Assumptions, Shoes, & Options

I assume too much and fill in the blanks with wild guesses, blame it on my Navy brat upbringing where every two to three years cultural shifts were the norm and newcomers were always in the mix. Now, I live in a small town. I notice when the milk man works at the bakery because it confuses me-- I thought he delivered milk. The milk man baker also works at the farmers market for yet another vendor. 

Instead of imposing order on the universe, I ought to let the world just be, but shiny things distract me. Meanwhile, my husband dead pans a line from Bill Forsyth's film, Local Hero, "we tend to double up on jobs around here." 

Here, unassuming neighbors walk dogs and have stage roles, a dad at the after school pick up awaits his kids and hearing if his reality show will be picked up for cable TV, meanwhile a few moms are concocting local products in pursuit of regional sales as entrepreneurs. 

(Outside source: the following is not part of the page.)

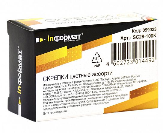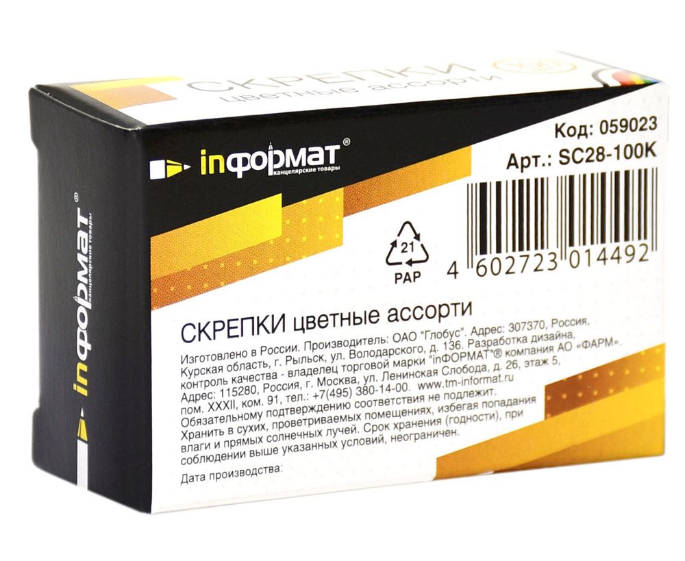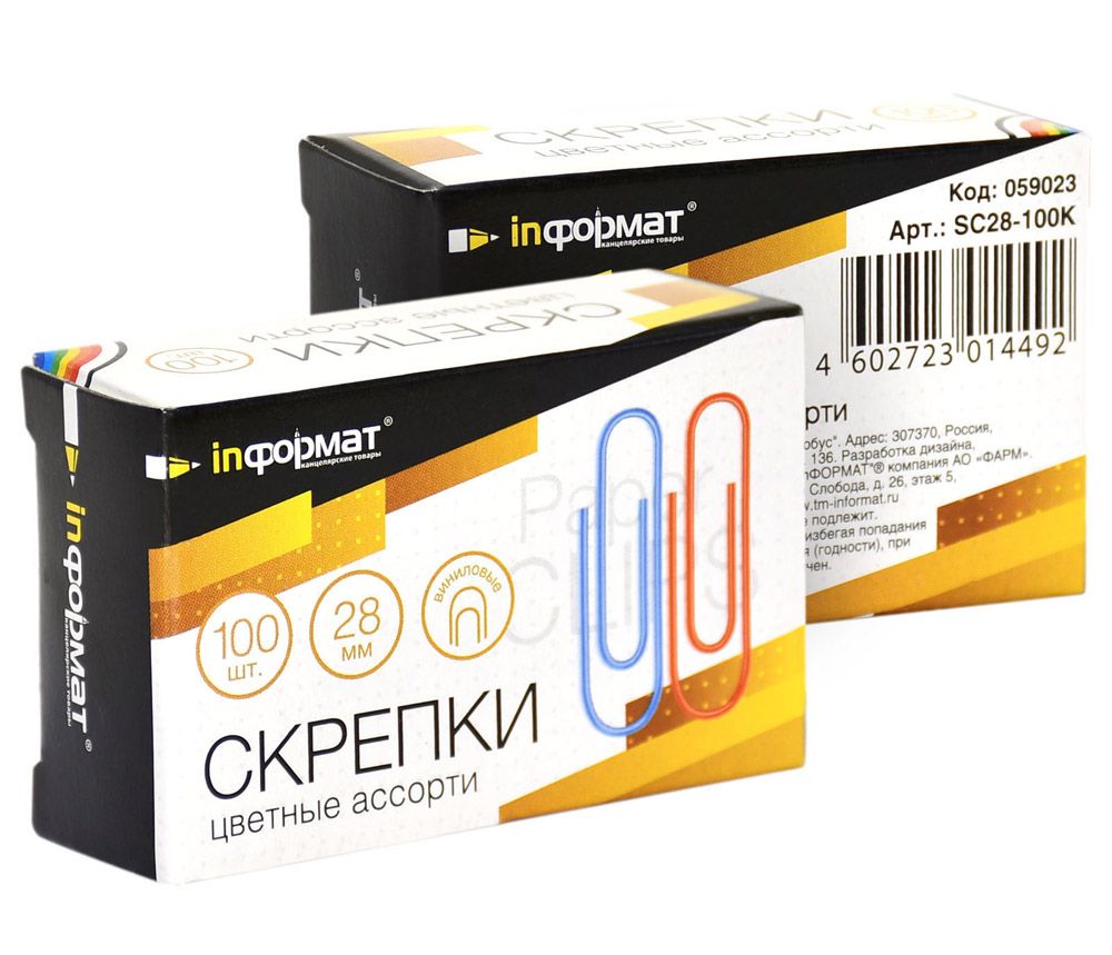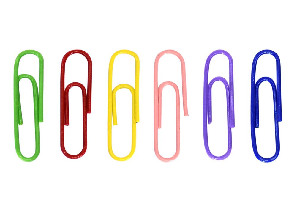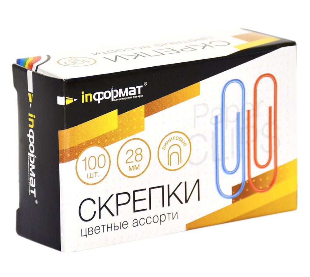 Скрепки металлические с цветным покрытием. Упакованы в картонную коробку. В упаковке 100 шт. Длинна скрепки - 28 мм. Стандартной овальной формы.

My imagination needs an update; my fill in the blanks are falling short. I read a lot of, I'd like to write books, but it's more a combination of posts, articles, poems, and a book or two a month. The point is I try to fuel my imagination. I read stories and tell myself it never happens like that! Except that, lately I've begun to think, it does and so much more

Here's an example of assumptions versus reality.

"It was about shoes," my friend shared. She's kind of earthy so I was befuddled as to what kind of shoes had riveted her attention. The conversation shifted and then came back around to her shoe story. Meanwhile, I envisioned a pair of glamorous shoes that you only wear walking about in Manhattan on Sex in the City. Her story wasn't really about shoes though.

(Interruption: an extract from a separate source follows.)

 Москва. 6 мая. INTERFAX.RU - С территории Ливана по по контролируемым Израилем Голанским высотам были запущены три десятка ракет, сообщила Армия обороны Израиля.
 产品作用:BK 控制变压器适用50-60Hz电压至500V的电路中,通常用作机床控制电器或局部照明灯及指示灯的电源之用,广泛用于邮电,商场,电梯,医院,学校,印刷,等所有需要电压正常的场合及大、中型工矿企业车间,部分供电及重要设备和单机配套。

"I was outside Kroger. This guy was taking off his shoes and he threw his shoes into the trash can. Then he put on a pair of boots. I was thinking about these shoes I wanted so I was pissed that someone had new shoes, but then I decided to go with it. I asked him, 'Did you get new shoes?' He was like.'Yeah!' and I was saying 'Yeah!' back to him. It turned into a genuine feeling of happiness for him." 

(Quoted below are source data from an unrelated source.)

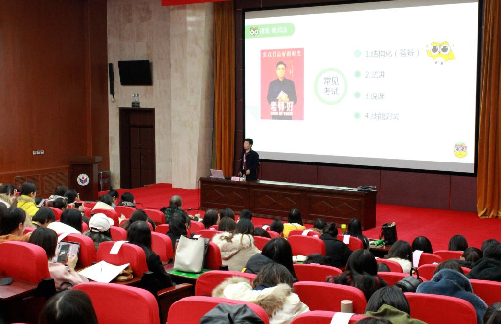 报告会从考情、学习、准备三个方面对教师招聘考试做了详细分析。在考情方面,建议同学们一是要明确要考地区采取的是统考还是非统考;二是要了解统考和非统考的具体考试内容和题型;三是要了解山东省2019年的高层次人才引进以及新型考试方法。在学习方面,两位老师从三种常见考试类型——结构化、说课、试讲入手,向同学们详细介绍了应对的方法和技巧。强调结构化题型要注意逻辑、理清思路,试讲时要明确问题设置的层次性,说课时要注重模板、过渡性语言的运用。两位老师在介绍方法的同时还结合考试真题进行了具体分析,帮助同学们加深理解。在准备方面,两位老师对笔试和面试的规划以及阶段安排进行了简单的讲解。笔试备考要从基础知识、题目巩固和套题冲刺三个板块进行至少六个月的准备,面试备考要从结构化题目练习、试讲模拟和说课模拟三个板块进行准备。最后,两位老师建议同学们:要尽早开始准备在整个教师招聘考试中非常重要的面试,要练语言、语调及抑扬顿挫的语气,要加深对新课改和新课标的理解,使其更好地运用在试讲和说课中。报告会在热烈的掌声中圆满结束。
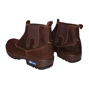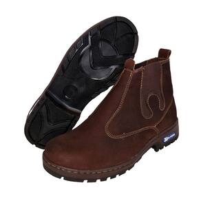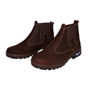Botina Masculina Couro Nobuck Lisa Bico Redondo Costura Manual Elastico Lateral Vaquejada - 35 - Marrom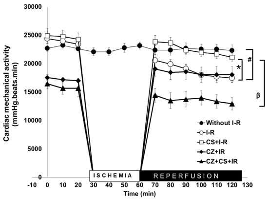 Cardiac mechanical activity in isolated and perfused hearts with perfusion (30 min), global ischemia (30 min) and reperfusion (60 min) periods for rats without treatment and after treatment with CS, CZ and combination CZ+CS. Values are the mean ± SE (n = 10 in each group) p ≤ 0.05 * CS + I-R vs. I-R; # Without I-R vs. I-R; β CS + I-R vs. CZ+CS + I-R.

I did not discover the secret shoes of desire but damned if I didn't learn a brilliant lesson from her-- you have a choice in which thoughts you express AND you don't have to pick the first one that comes to you. 

That same night another friend had challenged us to a choice of "A or B?" I impulsively blurted out, "A" before I realized she was talking to the group, not just me. We went with "A" anyway. We were all then instructed to fake laughter for one full minute. 

Ten seconds into it, I was laughing so hard tears spilled out. A day or so later, my shoe friend pointed out it was all there from the beginning. We weren't faking it until we were making it as we had discussed in the moments after on that night. Instead, we chose to bring another experience to the surface. With minimal effort, the nobler thought easily overtook the surface distraction to become a genuine and positive experience. To choose laughter and get it, for real, felt weirdly awesome. 

The "B" option was to say, "Oh yeah!" I resisted this expression as it felt weirdly like "you go girl" which feels like a chant for encouraging someone to strip themselves of class or elegance. Nonetheless, I got there a few beats later in an euphoric rush by choosing to say it, saying it, and, finally, meaning it. 

The power of words is that they reveal truths even if it takes a minute-- they might be buried below anger or frustration-- but the good is there with the bad and the ugly. 
We choose our paths when we choose our words.